"I have determined that India has not assured the United States that India will provide equitable and reasonable access to its markets," President Donald Trump said in a proclamation issued by the White House.
As of June 5th, India will be terminated from its designation as a beneficiary developing country. The move adds one more front to Trump's global trade wars. It comes as Trump took new aim at Mexico this week with threatened tariffs if the country does not step up its immigration enforcement actions. The President has also promised new levies on China amid an impasse in negotiations over a renewed trade deal, and is considering a ban on foreign auto imports.
India will be removed from the preferential trade program, known as the Generalized System of Preferences, which gives developing countries easier access to the US market and lowers US duties on their exports.
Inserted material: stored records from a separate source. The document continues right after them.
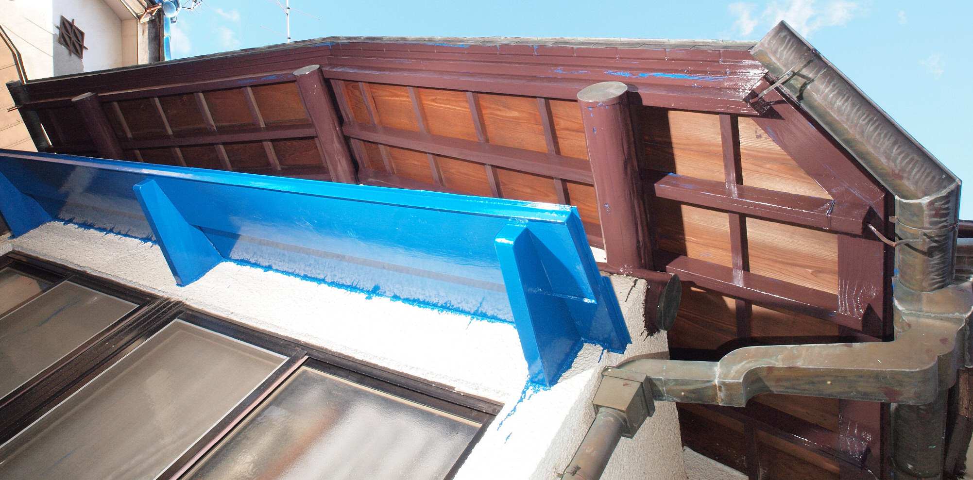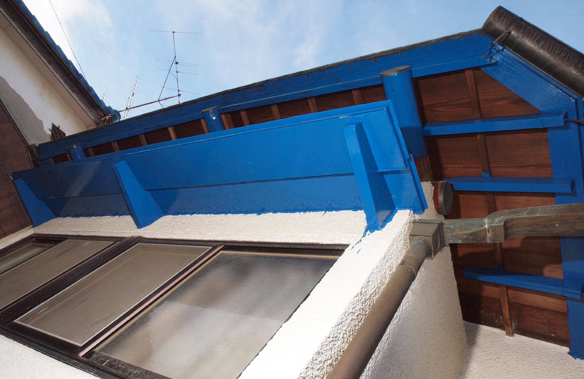 32. 塗装中 西側軒天、1回目の塗装終了。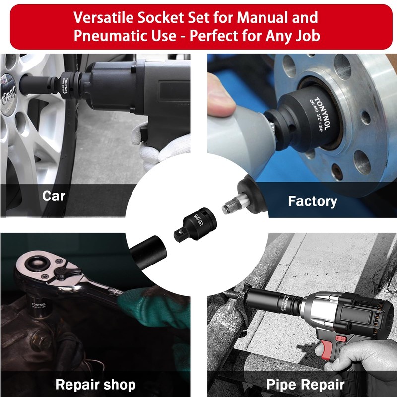 - 【DURABLE & EASILY IDENTIFIABLE】:TONYNOL socket adapter set stands out with its black manganese phosphate coating, providing excellent corrosion and rust resistance for long-lasting use. Laser markings make it easy to identify and quickly find the right adapter.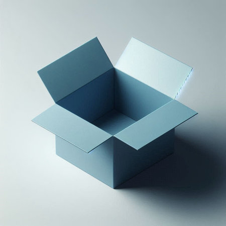 An open cardboard box sits on a teal surface, illuminated by soft light. The uncluttered setting enhances the focus on the box, evoking curiosity about its contents.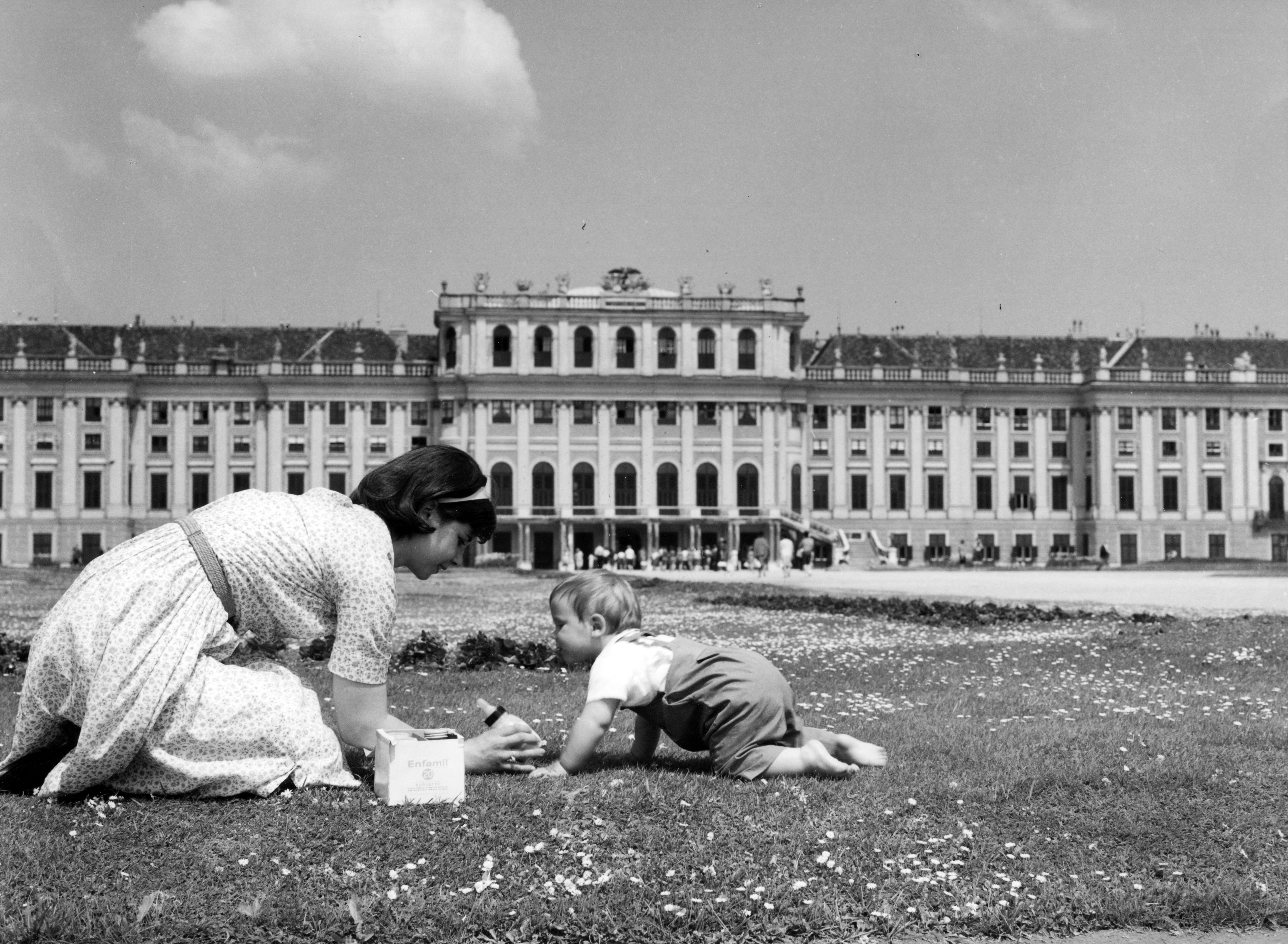 The Donnelly family posing for Enfamil advertisement and promotional photos, with the mother and baby on the grounds of the Schonbruun Palace.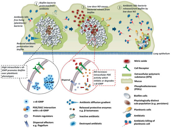 Disruption of biofilm antibiotic tolerance regulated by NO. (①) The formation of biofilms due to high concentration of c-di-GMP, which endowed bacteria antibiotic tolerance. (②)Biofilm dispersal regulated by low dose of NO, since NO reduce the intracellular levels of c-di-GMP. (③) Plankronic bacteria releasing from biofilm restore sensitivity to antibiotics and are killed by antibiotics. Reproduced with permission from [151]. Copyright 2017, Elsevier.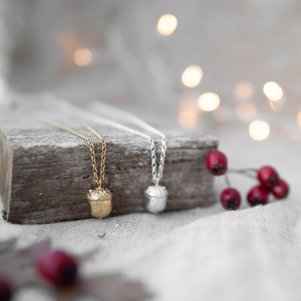 These stunning acorn necklaces are handcrafted in either sterling silver or gold plated for that extra Christmas sparkle.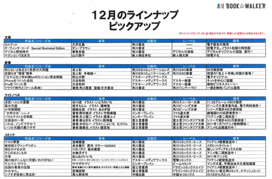 角川グループホールディングス傘下の角川コンテンツゲートは、12月に予定している「Book☆Walker」のiPad/iPhone向けアプリのリリース時に提供する電子書籍のラインアップを発表した。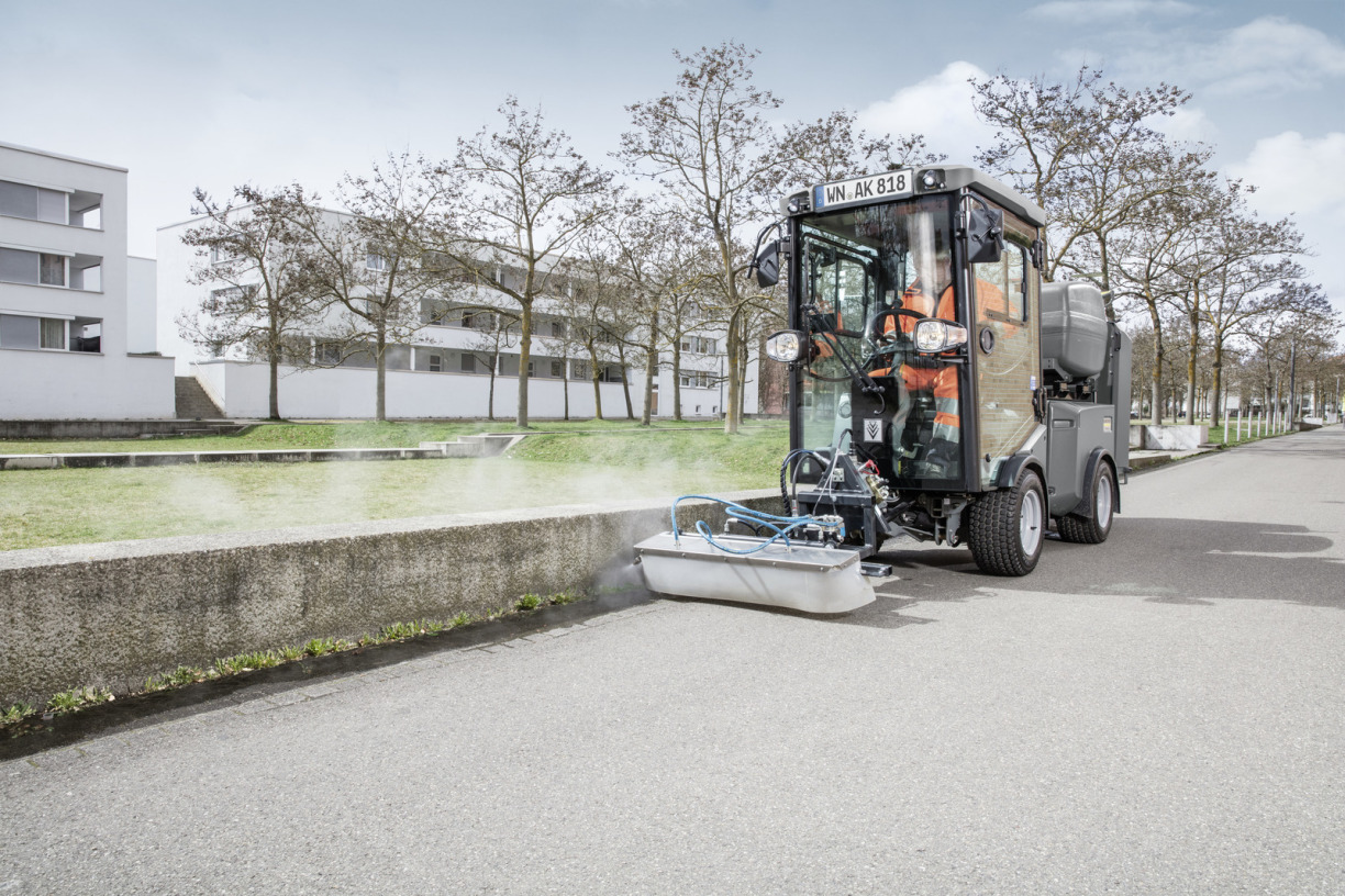 Met een Kärcher werktuigdrager gemonteerd met een mobiele WRS 200 beschikken gemeenten over een milieuvriendelijke oplossing om ongewenst onkruid op een efficiënte en grondig te bestrijden. De zeer compacte vormgeving en onafhankelijkheid van externe stroom- of watervoorziening laten werken toe op afgelegen plaatsen en paden, in parken of binnenstad. Het onkruid wordt gericht bestreden met 98° heet water - machinaal via de gemonteerde voorbalk of met de manuele handlans. Meerdere toepassingen zijn mogelijk, die deel uitmaken van de dagdagelijkse gemeentelijke activiteiten; hogedruk reiniging met warm- of koud water, bewatering van bloemenperken en planten, alsook het efficiënt verwijderen van kauwgom op harde ondergronden.

The White House also removed Turkey from the GSP program.
The tariffs will apply to "large residence" washing machines and solar cells and panels from India.
The US announcement comes two days after India's Narendra Modi was sworn in for a second straight term as prime minister.
In a statement Saturday, India's government said it was "unfortunate" that the US did not accept India's offer of a resolution.
"In any relationship, in particular in the area of economic ties, there are ongoing issues which get resolved mutually from time to time. We view this issue as a part of this regular process and will continue to build on our strong ties with the US, both economic and people-to-people," the statement read.
Tensions between the two countries have increased in recent years over trade.
Trump has repeatedly slammed Indian duties on US goods, including on motorcycles. In a letter to Congress back in March, Trump signaled his intentions to remove India from the GSP and accused the nation of unfairly shutting out American businesses.
India was one of several countries affected by US steel and aluminum tariffs last year. The Indian government announced it will impose tariffs on US goods worth $240 million, but postponed putting them into effect several times.